Майор опять подошел к «Леди Роуз» и отомстил еще и за предполагаемую неверность.
Глава IV. Бред и пустословие
Мне привиделся старый болван, за личные заслуги удостоенный должности Исчадия ада. И каждый раз, когда открывали дверцу, чтобы впустить новый контингент заблудших душ, начиналась давка, и беспощадная боль рвала мне плечо.
После тяжелого не то сна, не то забытья я очнулся с ощущением, что меня четвертовали. Первая мысль была: сколько же времени я сподобился пробыть в состоянии святого Себастьяна? И только после этого я вспомнил, где нахожусь. Темнота была — хоть глаз выколи, лежал я на боку, придавив фотоаппарат, который упорно стремился впиться мне поглубже в печень, и уже одеревеневшую правую руку с часами. Едва я попытался опереться на левую руку, боль, как от удара кинжалом, снова чуть не лишила меня сознания. С грехом пополам я подтянул ногу и, помогая головой и правой рукой, встал сначала на колени, потом, после долгой передышки, на ноги. Я упал бы снова, но успел прислониться к стене. Меня давила странная тяжесть, не хватало воздуха, к тому же от боли прерывалось дыхание. Из нагрудного кармана я вытащил носовой платок и постарался хоть немного унять кровь, которой был перепачкан с ног до головы.
Стрела пробила мне плечо, прошла вдоль ребра и уперлась в левую лопатку. Я был уверен, что ребро у меня сломано, иначе никак не объяснить, откуда при каждой попытке вздохнуть появляется этот раздражающий, как у ржавых петель, скрип.

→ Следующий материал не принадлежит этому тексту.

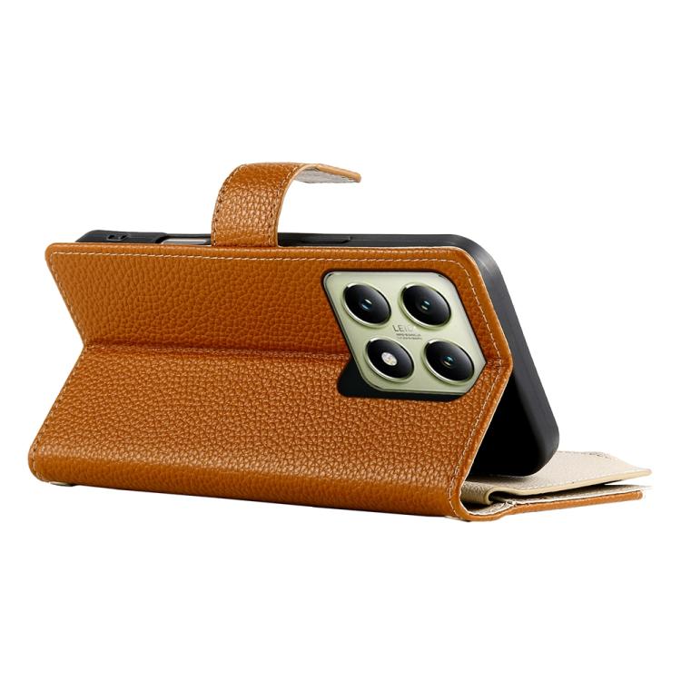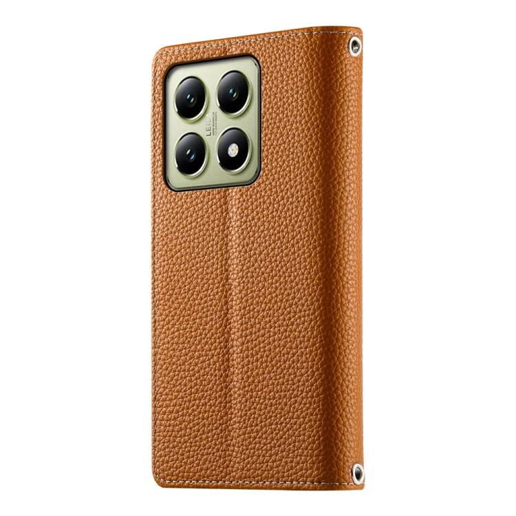 Funda de cuero con cremallera para Xiaomi 14T, con múltiples tarjetas y costuras, con correa corta (marrón)
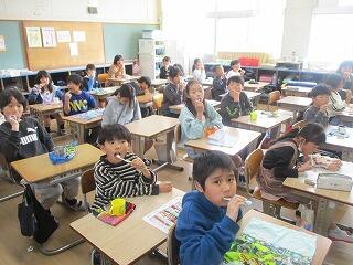 3年生は、1組は給食後の歯磨きの様子です。2組はプリントを使った復習を行っていました。
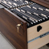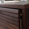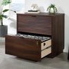 This Palo Alto filing cabinet has an ideal amount of storage space, with the bonus of being stylish, too. Catching the eye with vertical woodgrain and horizontal slatting, this piece has a heat-, stain- and scratch-resistant top, with impact-resistant, high-grade thermoplastic edges, to make sturdy room for a printer, lamp, books, plants and more. Two drawers hold letter or legal-size hanging files, with the addition of having an interlocking safety mechanism and a key lock. With a dark brown finish, this cabinet is a grand addition to your office space.
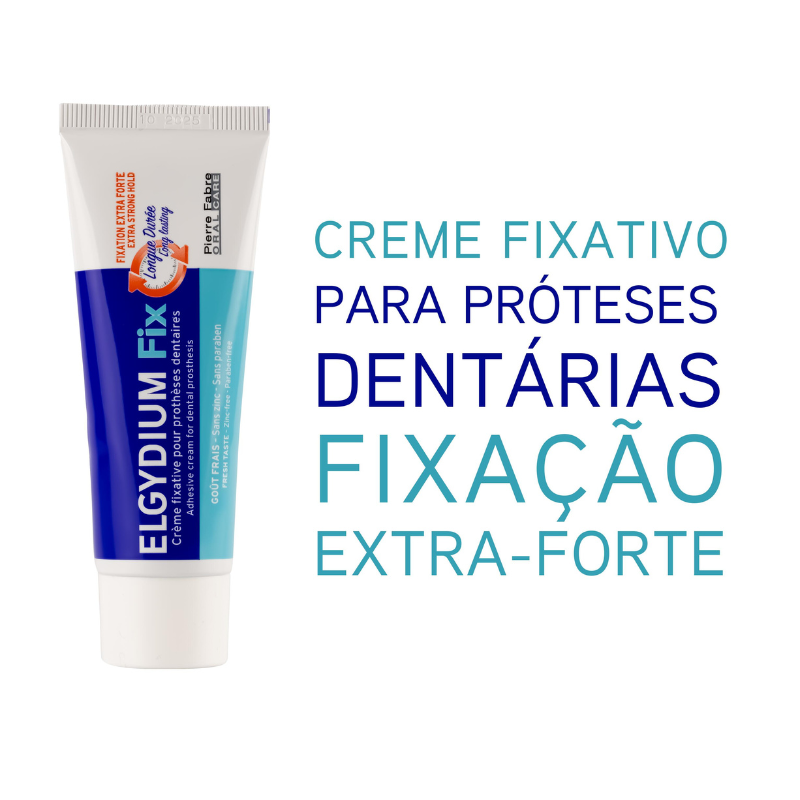 O Elgydium Fix Fixação Extra Forte proporciona uma fixação duradoura para próteses dentárias, mantendo-as seguras ao longo do dia sem necessidade de reaplicação.
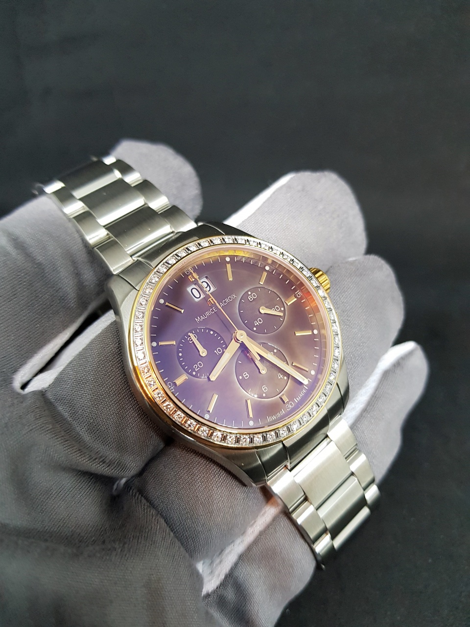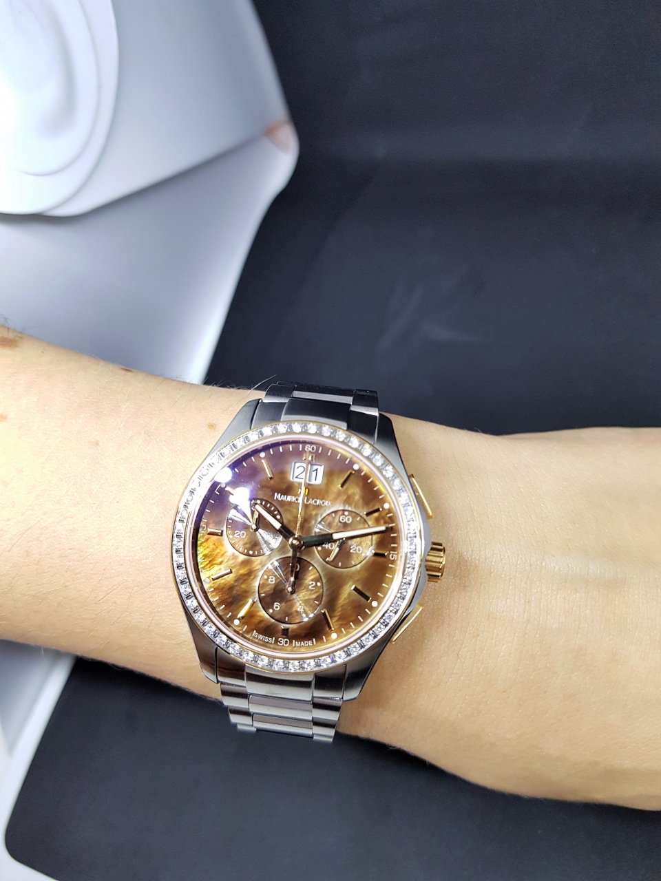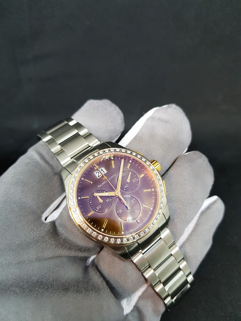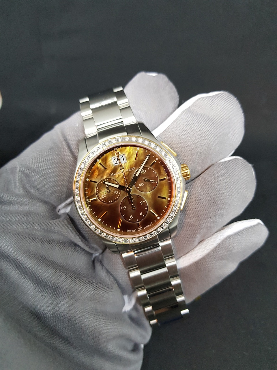 ЯРКИЕ ЖЕНСКИЕ MAURICE LACROIX Miros / Хронограф / Большая дата / Браслет / 48 брильянтов /38мм /100М

Я прислушался. Тишина не была могильной, как можно было ожидать. Время от времени откуда-то справа доносились приглушенные звуки. Зажав плечо рукой — при каждом движении стальная колючка испуганно дергалась, — я направился к месту, откуда исходил загадочный шум.
Повсюду была кромешная тьма. С превеликими предосторожностями открыв дверь, из-за которой слышался шум, я вошел, крадучись, и тут же, обессилев, оперся о стену. При свете мощного фонаря кто-то методично обшаривал комнату — спокойно, неторопливо, ничуть не стесняясь шума, производимого при взламывании замков.
Осторожно я стал нащупывать выключатель и наконец нашел. Задержав дыхание, нажал. Щелк!.. Все та же темнота, но зато звуки прекратились. Электричество было отключено. Я и не думал, что местный Вильгельм Телль может оказаться таким предусмотрительным.
Острый луч ручного фонаря заскользил по стенам и полоснул меня по глазам. На плечо мне опустилась тяжелая рука, а удар второй кувалды пришелся прямо в темя. Собрав последние силы, я поднял руку, чтобы схватить нападавшего за горло. Его физиономия была затянута тонким чулком, вероятно черным, словно он уже надел траур по мне, и выглядела устрашающе. Ноги у меня подломились.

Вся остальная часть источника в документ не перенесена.